METR’s 2025 randomized controlled trial makes that gap hard to ignore. In that study, 16 experienced open-source developers worked on 246 real tasks in repositories they already knew well. Before starting, developers expected AI to reduce completion time by 24%. Afterward, they still believed AI had reduced completion time by 20%. The measured result went the other way: with AI allowed, developers took 19% longer.
That result does not prove that AI always slows developers down. It does prove something more useful for leaders: perceived acceleration and measured system performance can diverge. The work can feel easier while the system becomes slower to deliver. That is not a paradox. That is a systems problem.

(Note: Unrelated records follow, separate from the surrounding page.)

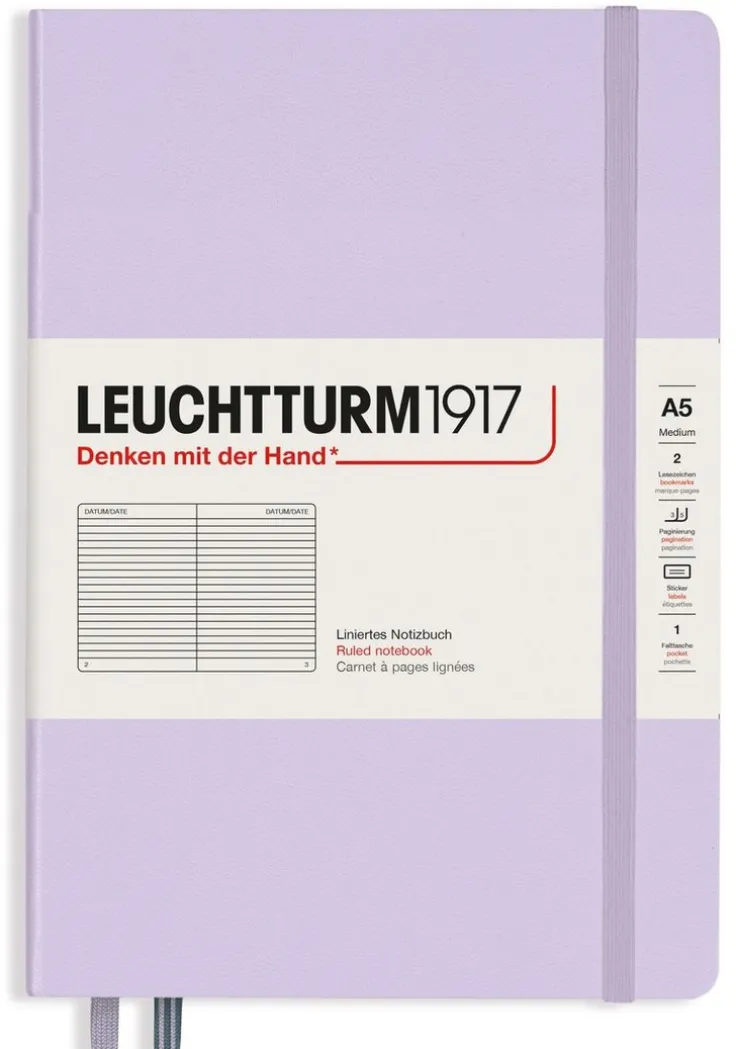 Notebook från Leuchtturm1917 – en anteckningsbok i praktiskt A5-format med 251 linjerade och numrerade sidor varav 8 sidor är perforerade och löstagbara. FSC-certifierat och ink-proof (80g) papper. Märkband och förvaringsficka. Resårband runt boken. Självhäftande etiketter för märkning och arkivering. Färg: Lilac
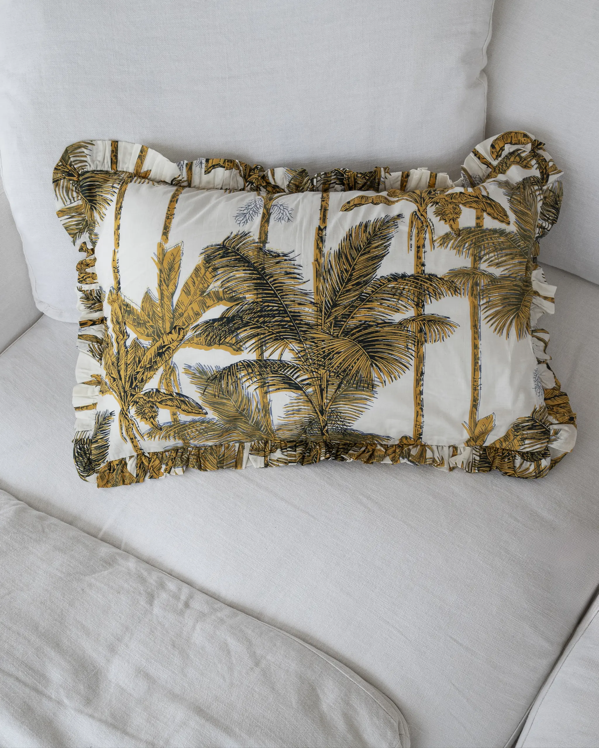 CARACTERÍSTICAS: Funda de cojín decorada con volantes. Disponible mantelería, neceseres y monederos con el mismo estampado.
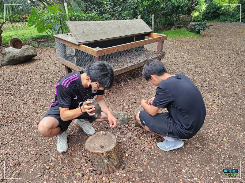 3. 야외에서 즐기는 무료 생 마카다미아 돌로 까기 체험은 하와이 여행의 소소하지만 확실한 재미를 선사합니다.
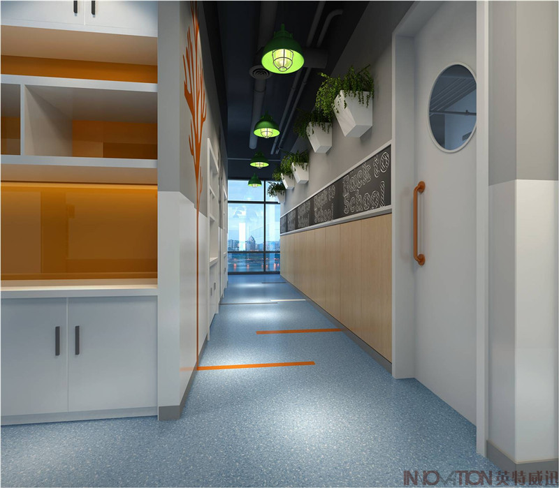 教室設計以藍色背景墻面為基礎,和室內課桌的藍色相呼應,給人一種藍色海洋的清爽感覺。墻面圖案樣式多樣,顏色豐富,突出圖案的多樣性和多變性。
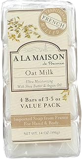 A La Maison Pains de savon ultra-hydratant Oat Milk - Au lait d'avoine, à l'huile d'argan et au beurre de karité - Super Value Pack (Paquet de 4 savons)
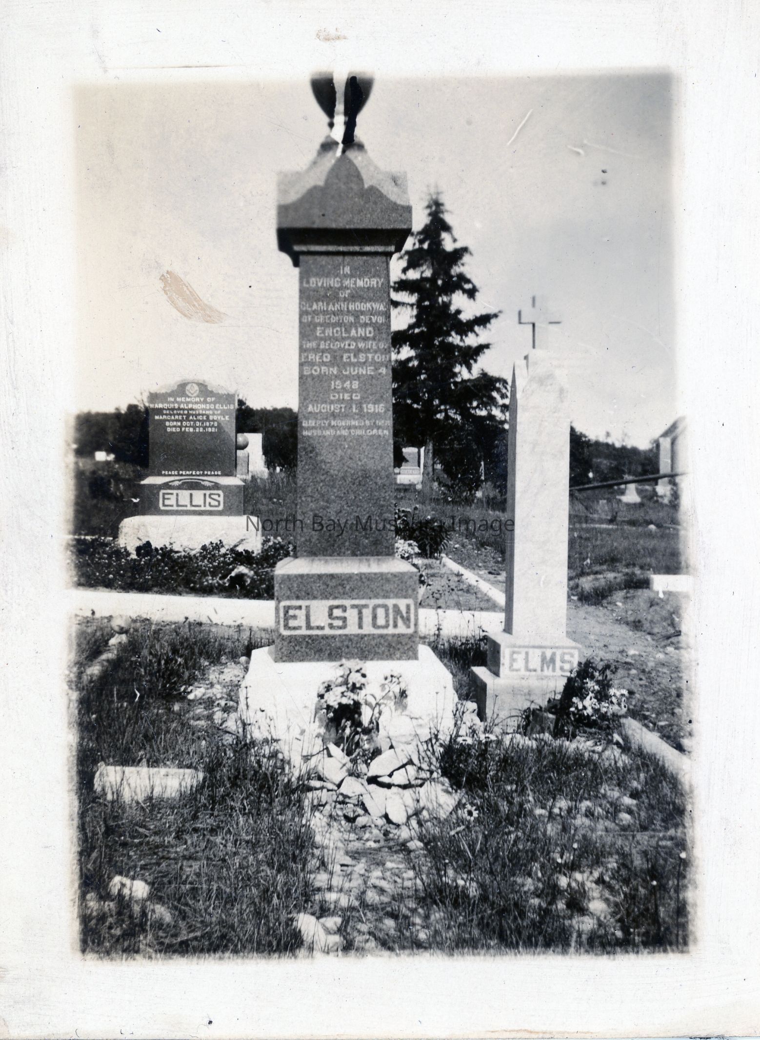 Fred Elston's gravestone and Clari Hooway Elston's gravestone at St. John's Anglican Cemetery. Fred Elston died in 1916 and was born in 1848.

Productivity in software is not the amount of code produced per unit of time. It is the system’s ability to turn scarce attention, knowledge, and investment into valuable, safe, maintainable change.
Code generation is not software delivery
A restaurant is not a chopping machine. It is a coordinated system of ordering, preparation, cooking, plating, quality control, service, feedback, cleaning, and learning. A software organization is similar. Coding matters, but it is only one station inside a wider flow.
Software delivery includes product judgment, specification, design, coding, review, testing, security, deployment, observability, incident response, customer feedback, and future change. If one station accelerates faster than the others can absorb, the result is not necessarily throughput. It may be congestion.
Output is what the team produces. Throughput is what successfully flows through the system. Outcome is what matters after users touch it.
A pull request is output. A merged pull request is still not necessarily outcome. A deployed change is closer, but even deployment is not enough if the change increases incidents, damages trust, or creates future drag. The system goal is not “more code”. The goal is valuable, safe, validated change.
That distinction sounds obvious until AI enters the room. AI makes the most visible station faster, so the organization starts treating that station as if it were the whole system. Dashboards celebrate accepted suggestions, generated lines, closed tickets, and merged PRs. The kitchen applauds the chopping machine while the pass fills with plates no one can safely send out.
AI lowers the cost of starting. But in a constrained system, the cost that matters is often the cost of finishing.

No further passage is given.